I love your channel, Im one of the first who watch your videos and smash the like button.
A lot of stuff mentioned like dropout become out of fashion when batch normalization was introduced. I still use it in denoisers though
Please, more videos like this one!
Thanks for this great video! I really enjoyed.
Amazing, can you do their book as well :D
Does anyone know where the statement large model doesn't overfit 7:56 come from
search for "deep learning double descent"
This is helping me with my literature review assignment, hahaha 😂 thank you!
Hi, i am following ur channel since DERT. Can you make a video explains DeepSORT?
TIA
Great video! Thank you!
So you saying people don’t care about parameter size?
the link doesn't work properly bc download doesnt start
Do you have a powerpoint presentation on this paper?
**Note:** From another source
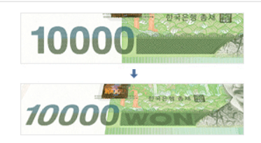 확인법: 기울이면 예를 들어 숫자가 다른 숫자로 바뀌거나, 무늬가 좌우로 이동하는 느낌이 남.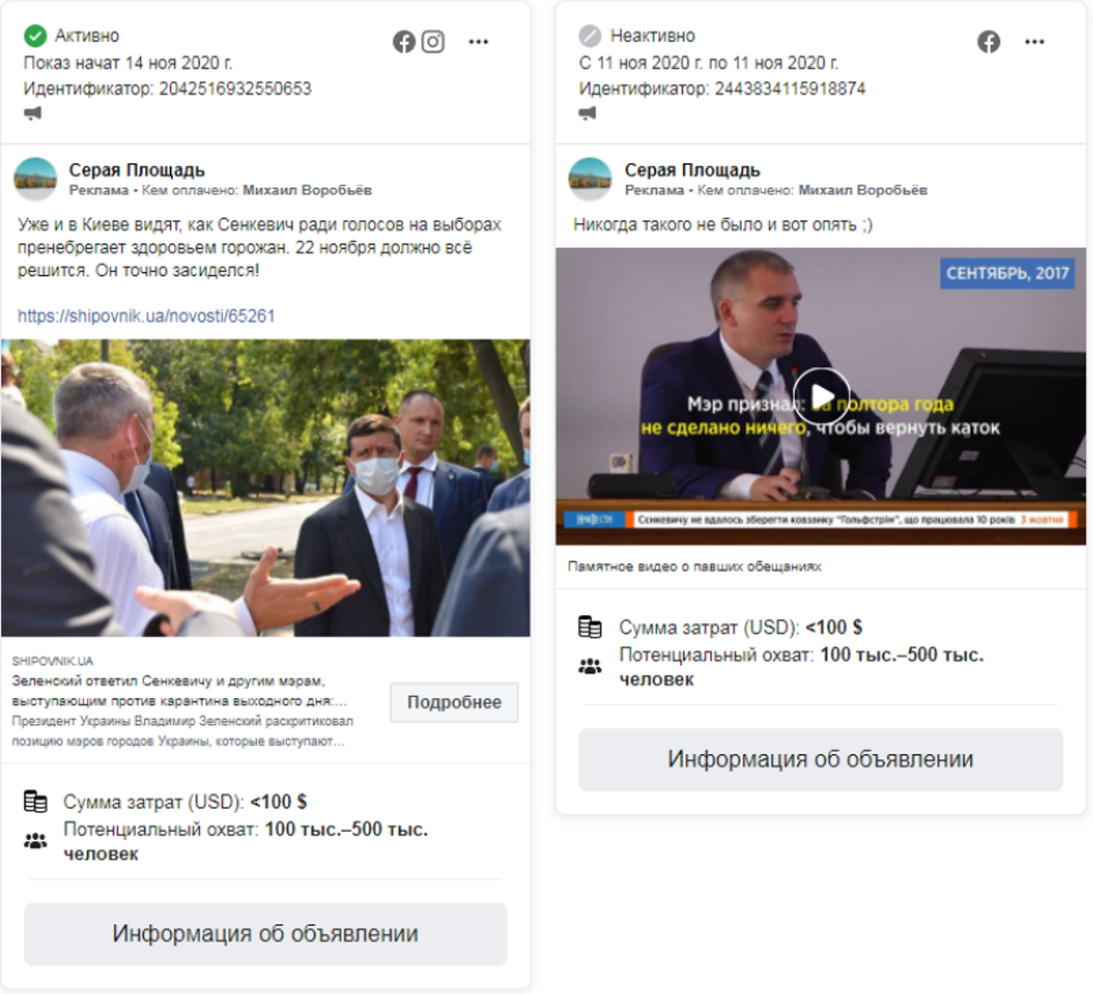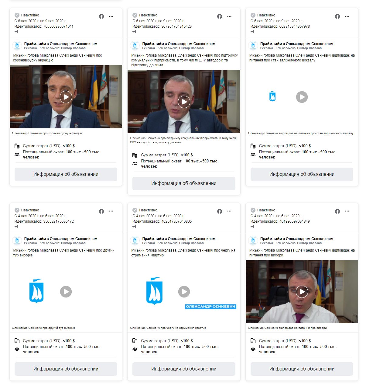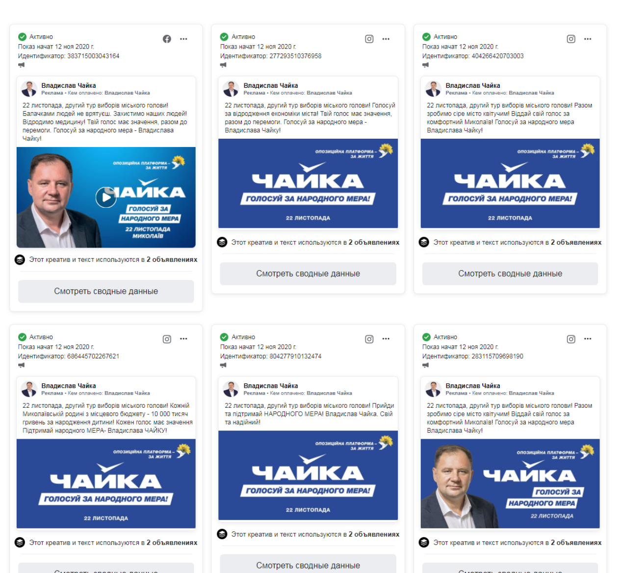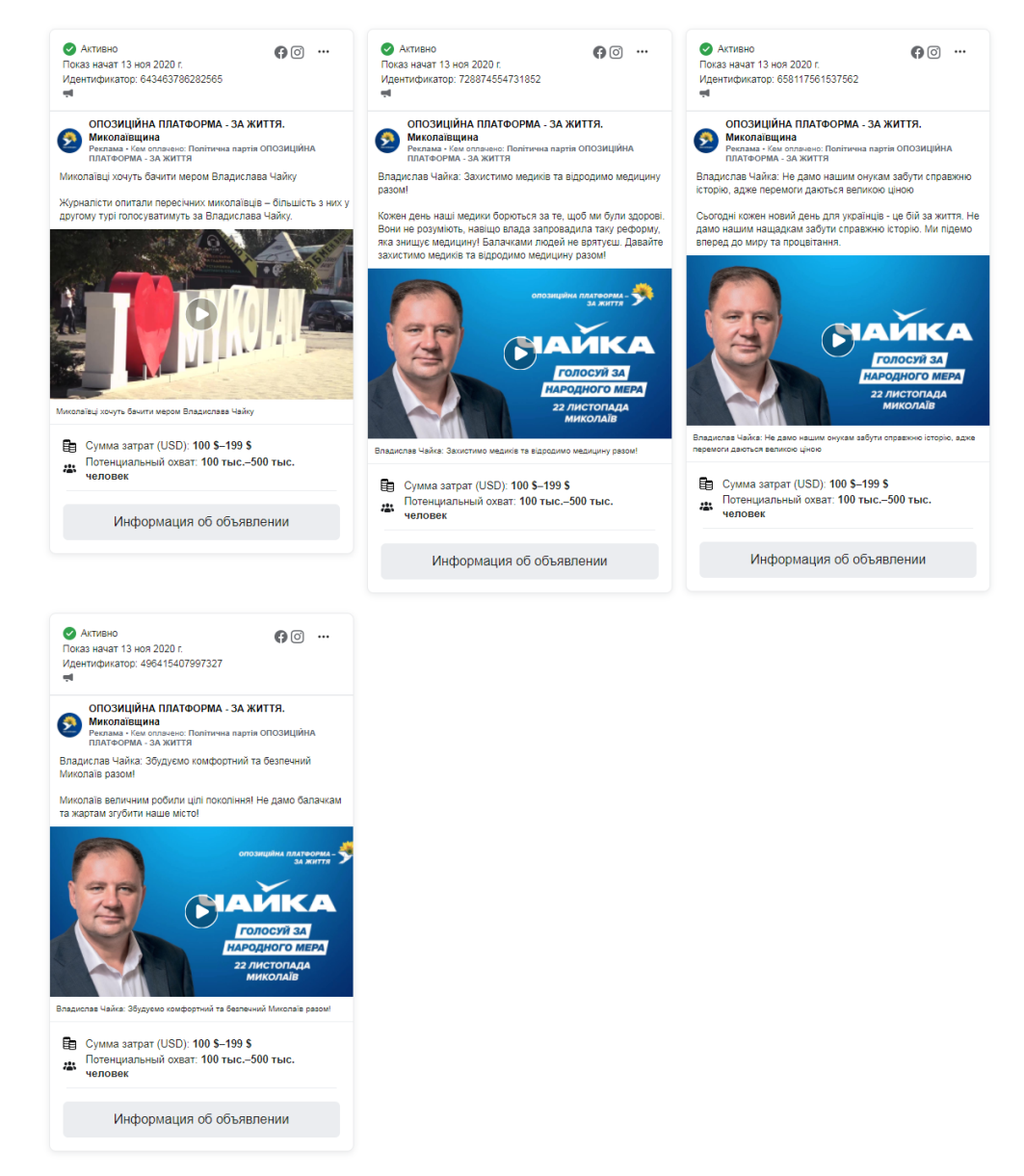 Також, за даними бібліотеки політичної реклами Facebook, у перші два тижня листопада політична реклама таргетувалась на миколаївську аудиторію й зі сторінки «Опозиційна платформа – За життя. Миколаївщина». Чотири рекламні оголошення вартістю до 800 доларів були оплачені політичною партію ОПЗЖ. Вони рекламували кандидата на посаду міського голови Владислава Чайку та містили заклик підтримати його в «другому турі» місцевих виборів.

Great channel, subscribed, liked!
I can nearly guarantee that their net did not really overfit. I’ve trained many nets and past lab mates have increased the number of parameters and the test loss never keeps increasing. Feel free to check my google scholar for paper examples of what I mean but I am sure their nets did fine especially since they didnt quantify if their neg overfit.
Regardless fun paper!
Can alexnet detect multiple objects in single frame ?
So if dropout is not being used, what is being used now?
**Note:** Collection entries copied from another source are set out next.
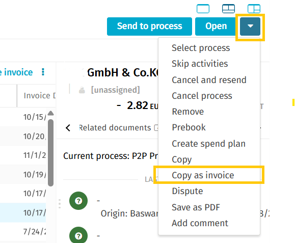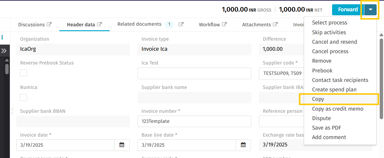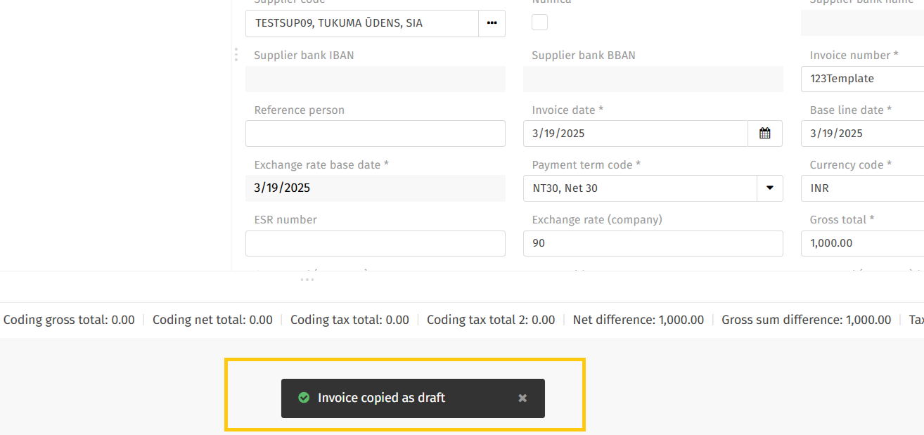 - Once you click Copy, the selected document will be duplicated. After the copy action is completed, users are automatically redirected to the newly created invoice, which contains all relevant data transferred from the original document.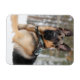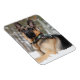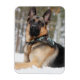 German shepherd posando na neve vestindo uma bandana colorida camoflaug.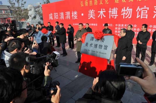中编办原副主任、中国行政管理学会会长王澜明,国家工商行政管理总局原副局长韩新民,省贸促会会长赵润民,市人大常委会副主任党新安,市政协副主席赵昌华及文化界名家中国国家画院国画院副院长范扬、中国美术家协会副主席尼玛泽仁等出席开馆仪式。文化部法规司司长饶权,省十届人大常委会副主任邓理,省政协原副主席刘石民为清渭楼、清渭楼美术博物馆揭牌。咸阳市委常委、宣传部部长马俊民讲话,清渭楼美术博物馆馆长郭峰致辞,此次开馆仪式由咸阳市副市长孙亚政主持。

My bet for the future is on Bayesian networks, which use a sort of a learnable version of a Gaussian dropout.
Global Average Pooling
Does anyone know what he's using to annotate over the papers?
OneNote
@@YannicKilcher Thanks
woow. It's really classic.
Yannic is gonna be in the stone age soon. Can't wait for the invention of wheel.
38.33 why don't people use dropout anymore?
It's usually fine without.
👍
"Action potential" is the name of the spike/signal itself, not the name of the activation threshold. It is a really dumb name :(
Why people now do not care about overfitting?